▶ _GIVEN ENTRIES_:
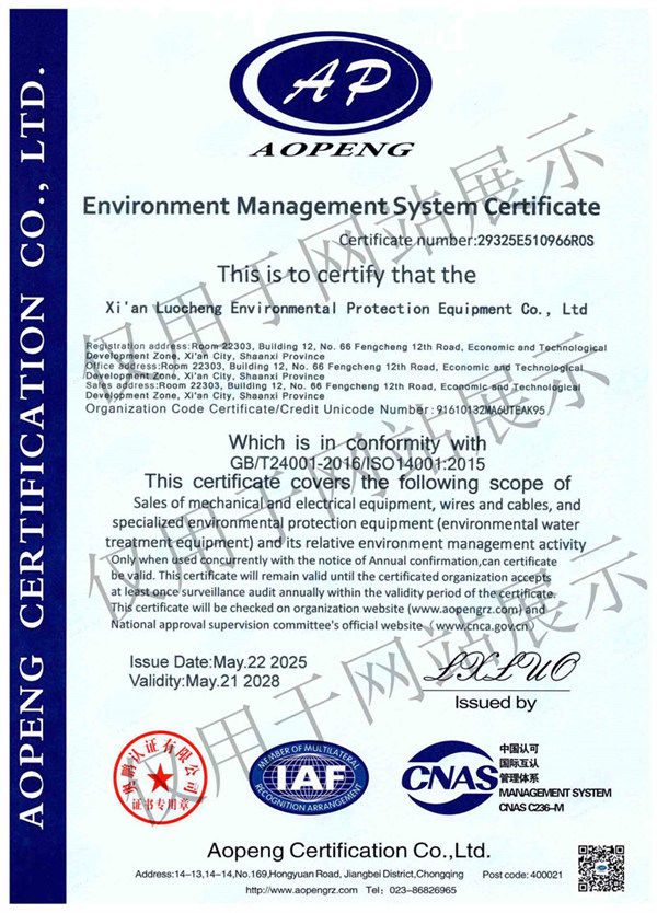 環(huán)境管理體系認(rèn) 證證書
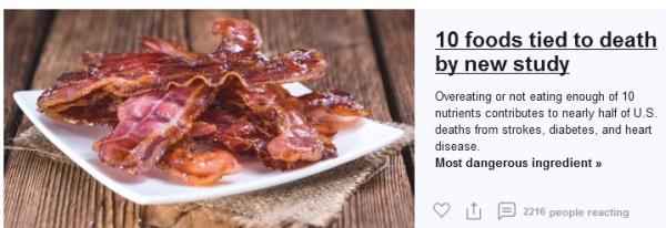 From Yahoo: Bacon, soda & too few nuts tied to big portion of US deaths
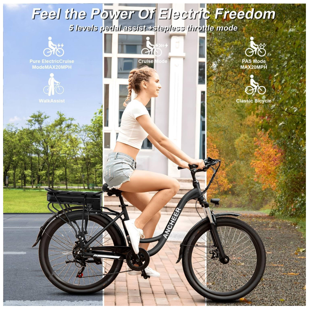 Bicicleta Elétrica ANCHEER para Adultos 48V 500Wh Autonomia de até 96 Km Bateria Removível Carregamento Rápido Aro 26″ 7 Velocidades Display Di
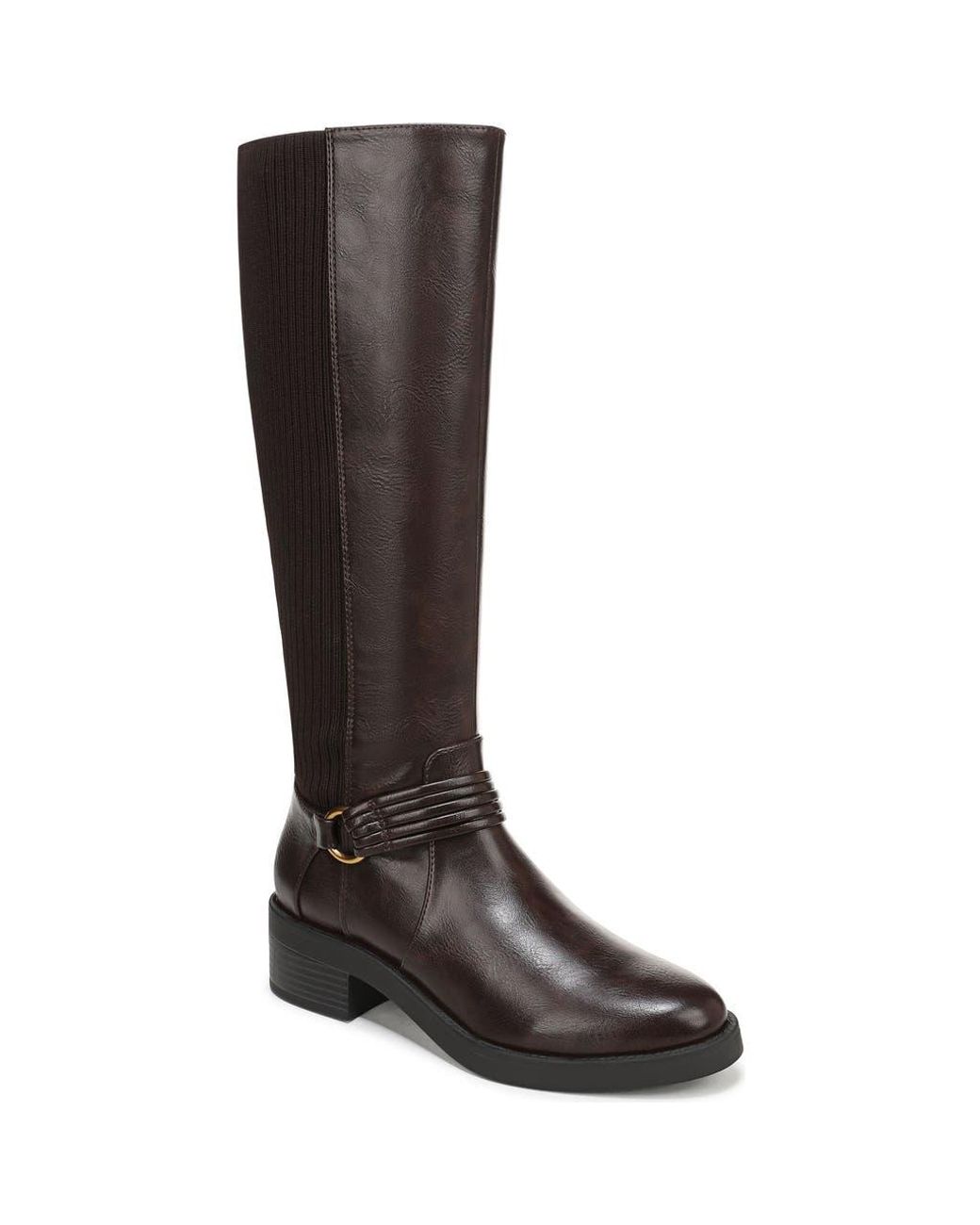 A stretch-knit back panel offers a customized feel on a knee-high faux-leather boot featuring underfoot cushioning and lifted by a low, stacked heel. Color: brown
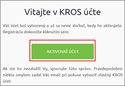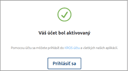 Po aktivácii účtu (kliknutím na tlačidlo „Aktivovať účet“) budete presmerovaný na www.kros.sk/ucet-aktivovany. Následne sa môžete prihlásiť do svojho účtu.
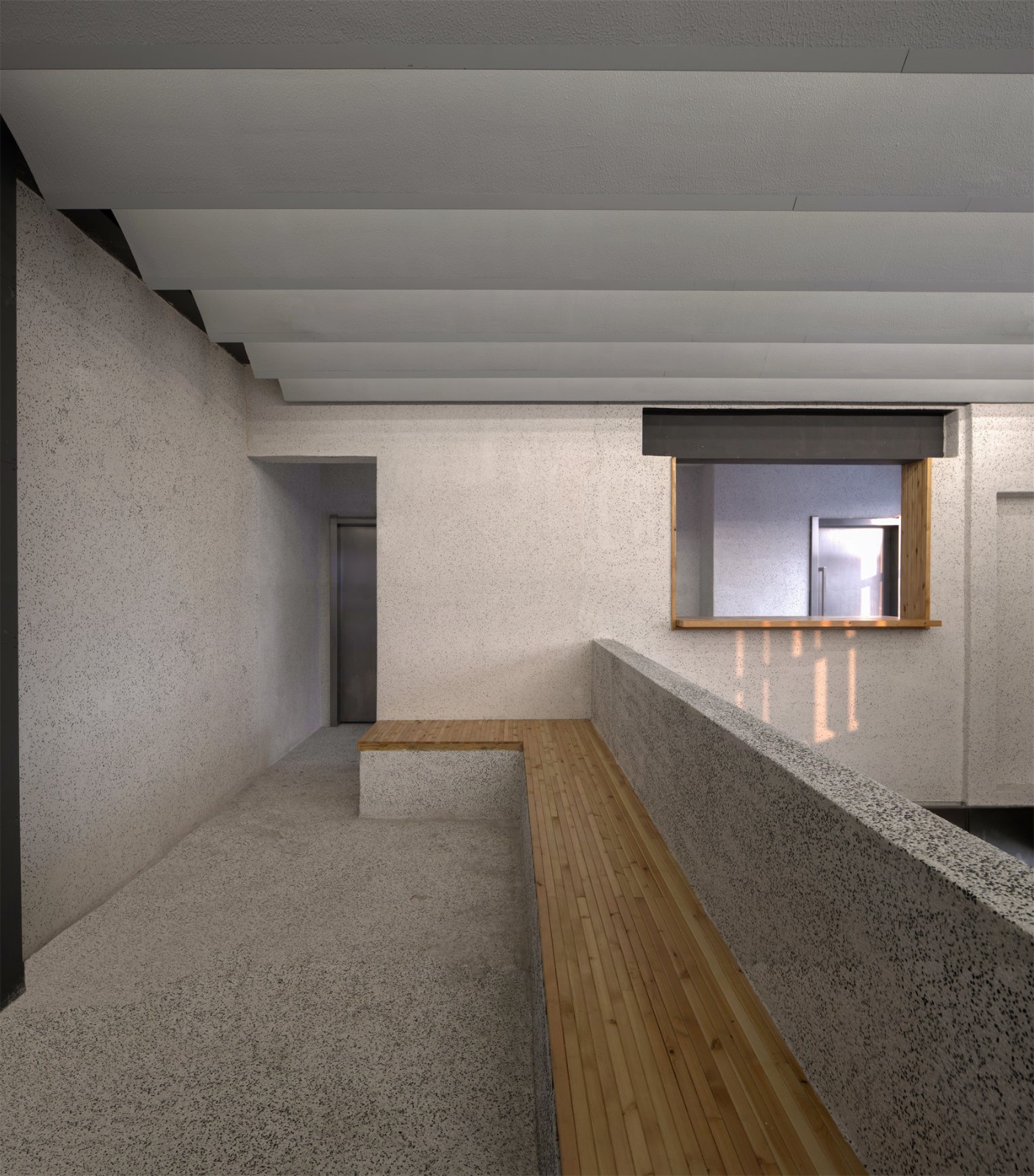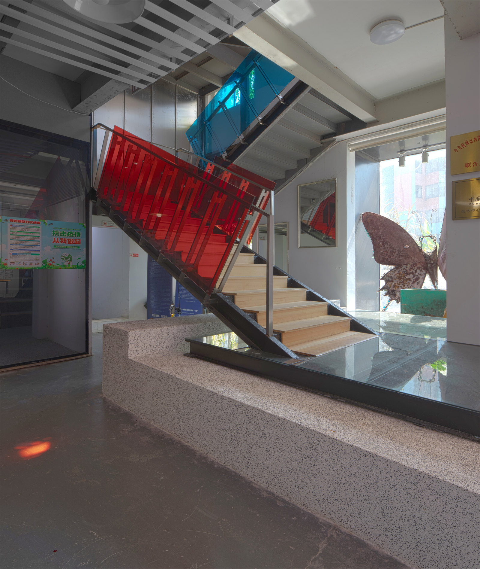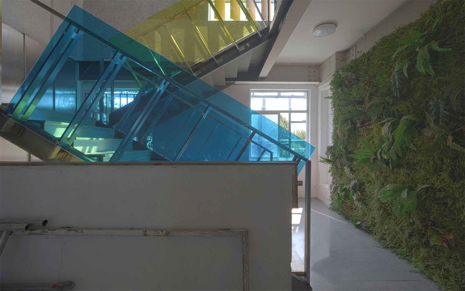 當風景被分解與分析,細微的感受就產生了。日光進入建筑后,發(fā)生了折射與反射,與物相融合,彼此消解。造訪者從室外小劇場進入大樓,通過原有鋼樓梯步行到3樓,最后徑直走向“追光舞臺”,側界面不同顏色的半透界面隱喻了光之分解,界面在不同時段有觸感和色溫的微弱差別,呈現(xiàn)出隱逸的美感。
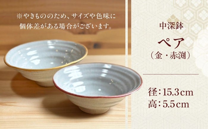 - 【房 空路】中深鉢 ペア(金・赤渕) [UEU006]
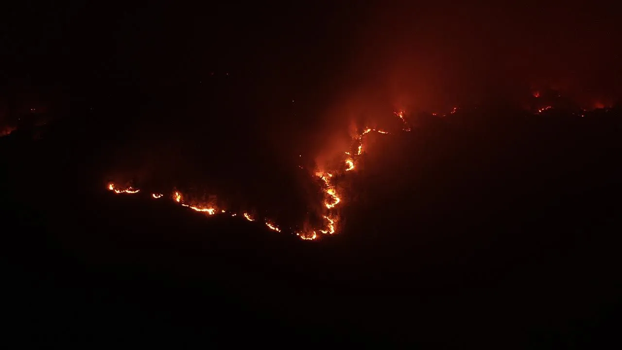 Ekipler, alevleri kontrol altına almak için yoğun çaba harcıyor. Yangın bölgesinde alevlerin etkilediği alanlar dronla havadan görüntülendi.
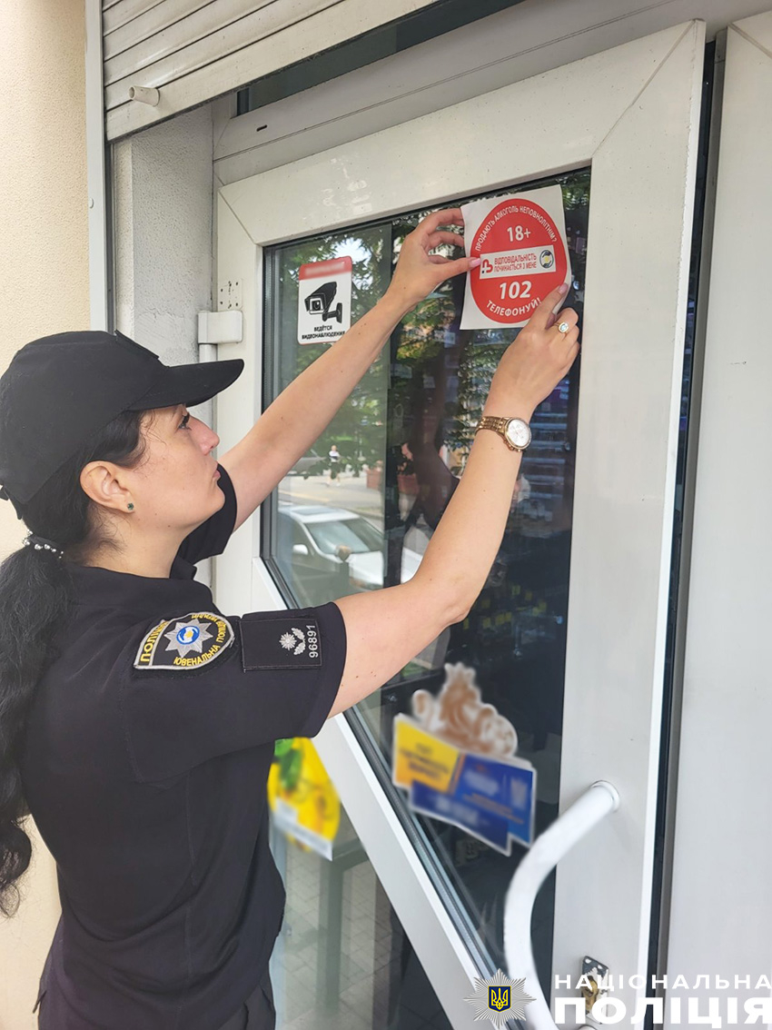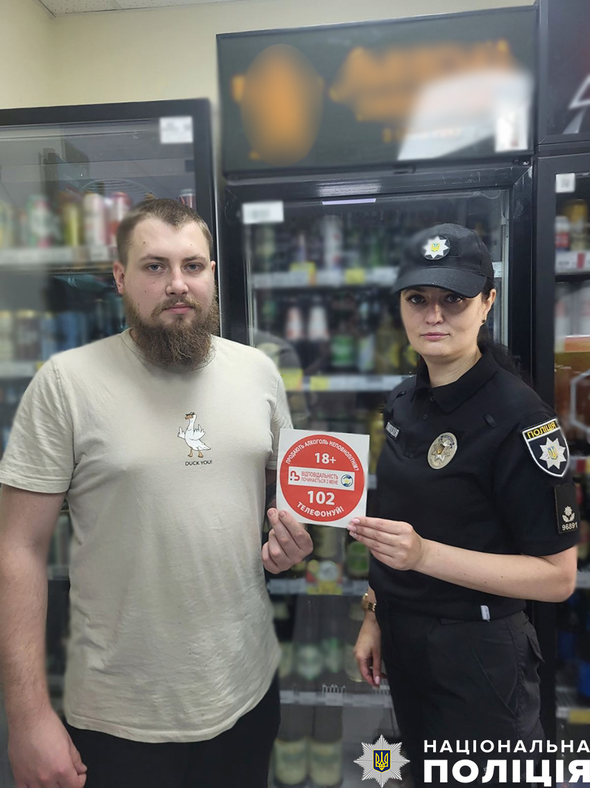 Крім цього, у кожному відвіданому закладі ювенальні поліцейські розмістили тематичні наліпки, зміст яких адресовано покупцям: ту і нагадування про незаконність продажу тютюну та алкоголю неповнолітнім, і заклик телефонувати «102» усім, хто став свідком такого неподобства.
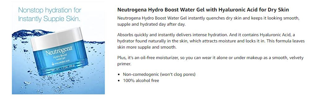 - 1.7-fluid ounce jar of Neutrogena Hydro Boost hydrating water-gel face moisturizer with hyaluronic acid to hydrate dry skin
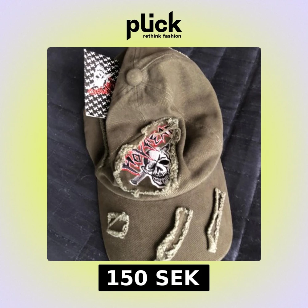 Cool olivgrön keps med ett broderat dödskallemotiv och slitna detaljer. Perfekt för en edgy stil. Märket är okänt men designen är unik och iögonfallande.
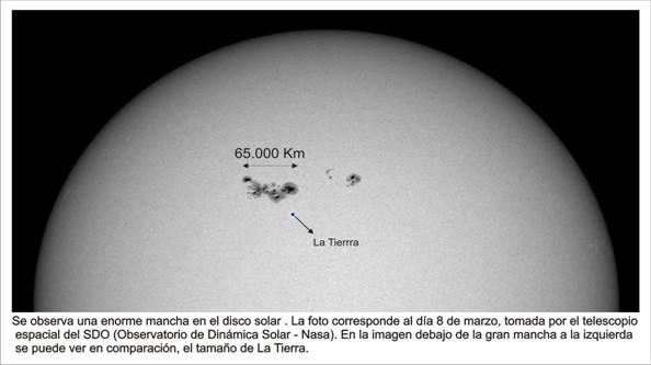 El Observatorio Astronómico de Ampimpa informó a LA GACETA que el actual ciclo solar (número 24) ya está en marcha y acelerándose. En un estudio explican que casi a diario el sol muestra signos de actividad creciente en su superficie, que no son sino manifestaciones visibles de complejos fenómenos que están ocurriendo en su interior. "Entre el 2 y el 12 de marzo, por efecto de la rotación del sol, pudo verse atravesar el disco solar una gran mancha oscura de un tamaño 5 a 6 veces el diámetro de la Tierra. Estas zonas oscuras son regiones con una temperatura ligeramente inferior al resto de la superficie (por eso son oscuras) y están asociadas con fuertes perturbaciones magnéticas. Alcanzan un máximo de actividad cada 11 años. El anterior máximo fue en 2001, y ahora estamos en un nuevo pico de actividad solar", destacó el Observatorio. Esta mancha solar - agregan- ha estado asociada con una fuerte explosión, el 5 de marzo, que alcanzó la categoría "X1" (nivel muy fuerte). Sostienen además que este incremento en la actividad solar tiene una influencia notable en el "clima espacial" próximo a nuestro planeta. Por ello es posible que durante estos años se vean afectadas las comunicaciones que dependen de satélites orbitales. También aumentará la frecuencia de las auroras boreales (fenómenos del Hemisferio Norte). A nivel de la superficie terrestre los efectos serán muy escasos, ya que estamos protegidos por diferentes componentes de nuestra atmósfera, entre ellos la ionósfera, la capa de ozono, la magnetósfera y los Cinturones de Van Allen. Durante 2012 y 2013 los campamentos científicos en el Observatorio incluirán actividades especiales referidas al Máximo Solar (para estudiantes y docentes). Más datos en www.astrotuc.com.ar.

▶ _WORK INSTRUCTION_:
Could the listing above be printed again in full, with every picture omitted?

▶ _WORKED SOLUTION_:
 環(huán)境管理體系認(rèn) 證證書
 From Yahoo: Bacon, soda & too few nuts tied to big portion of US deaths
 Bicicleta Elétrica ANCHEER para Adultos 48V 500Wh Autonomia de até 96 Km Bateria Removível Carregamento Rápido Aro 26″ 7 Velocidades Display Di
 A stretch-knit back panel offers a customized feel on a knee-high faux-leather boot featuring underfoot cushioning and lifted by a low, stacked heel. Color: brown
 Po aktivácii účtu (kliknutím na tlačidlo „Aktivovať účet“) budete presmerovaný na www.kros.sk/ucet-aktivovany. Následne sa môžete prihlásiť do svojho účtu.
 當風景被分解與分析,細微的感受就產生了。日光進入建筑后,發(fā)生了折射與反射,與物相融合,彼此消解。造訪者從室外小劇場進入大樓,通過原有鋼樓梯步行到3樓,最后徑直走向“追光舞臺”,側界面不同顏色的半透界面隱喻了光之分解,界面在不同時段有觸感和色溫的微弱差別,呈現(xiàn)出隱逸的美感。
 - 【房 空路】中深鉢 ペア(金・赤渕) [UEU006]
 Ekipler, alevleri kontrol altına almak için yoğun çaba harcıyor. Yangın bölgesinde alevlerin etkilediği alanlar dronla havadan görüntülendi.
 Крім цього, у кожному відвіданому закладі ювенальні поліцейські розмістили тематичні наліпки, зміст яких адресовано покупцям: ту і нагадування про незаконність продажу тютюну та алкоголю неповнолітнім, і заклик телефонувати «102» усім, хто став свідком такого неподобства.
 - 1.7-fluid ounce jar of Neutrogena Hydro Boost hydrating water-gel face moisturizer with hyaluronic acid to hydrate dry skin
 Cool olivgrön keps med ett broderat dödskallemotiv och slitna detaljer. Perfekt för en edgy stil. Märket är okänt men designen är unik och iögonfallande.
 El Observatorio Astronómico de Ampimpa informó a LA GACETA que el actual ciclo solar (número 24) ya está en marcha y acelerándose. En un estudio explican que casi a diario el sol muestra signos de actividad creciente en su superficie, que no son sino manifestaciones visibles de complejos fenómenos que están ocurriendo en su interior. "Entre el 2 y el 12 de marzo, por efecto de la rotación del sol, pudo verse atravesar el disco solar una gran mancha oscura de un tamaño 5 a 6 veces el diámetro de la Tierra. Estas zonas oscuras son regiones con una temperatura ligeramente inferior al resto de la superficie (por eso son oscuras) y están asociadas con fuertes perturbaciones magnéticas. Alcanzan un máximo de actividad cada 11 años. El anterior máximo fue en 2001, y ahora estamos en un nuevo pico de actividad solar", destacó el Observatorio. Esta mancha solar - agregan- ha estado asociada con una fuerte explosión, el 5 de marzo, que alcanzó la categoría "X1" (nivel muy fuerte). Sostienen además que este incremento en la actividad solar tiene una influencia notable en el "clima espacial" próximo a nuestro planeta. Por ello es posible que durante estos años se vean afectadas las comunicaciones que dependen de satélites orbitales. También aumentará la frecuencia de las auroras boreales (fenómenos del Hemisferio Norte). A nivel de la superficie terrestre los efectos serán muy escasos, ya que estamos protegidos por diferentes componentes de nuestra atmósfera, entre ellos la ionósfera, la capa de ozono, la magnetósfera y los Cinturones de Van Allen. Durante 2012 y 2013 los campamentos científicos en el Observatorio incluirán actividades especiales referidas al Máximo Solar (para estudiantes y docentes). Más datos en www.astrotuc.com.ar.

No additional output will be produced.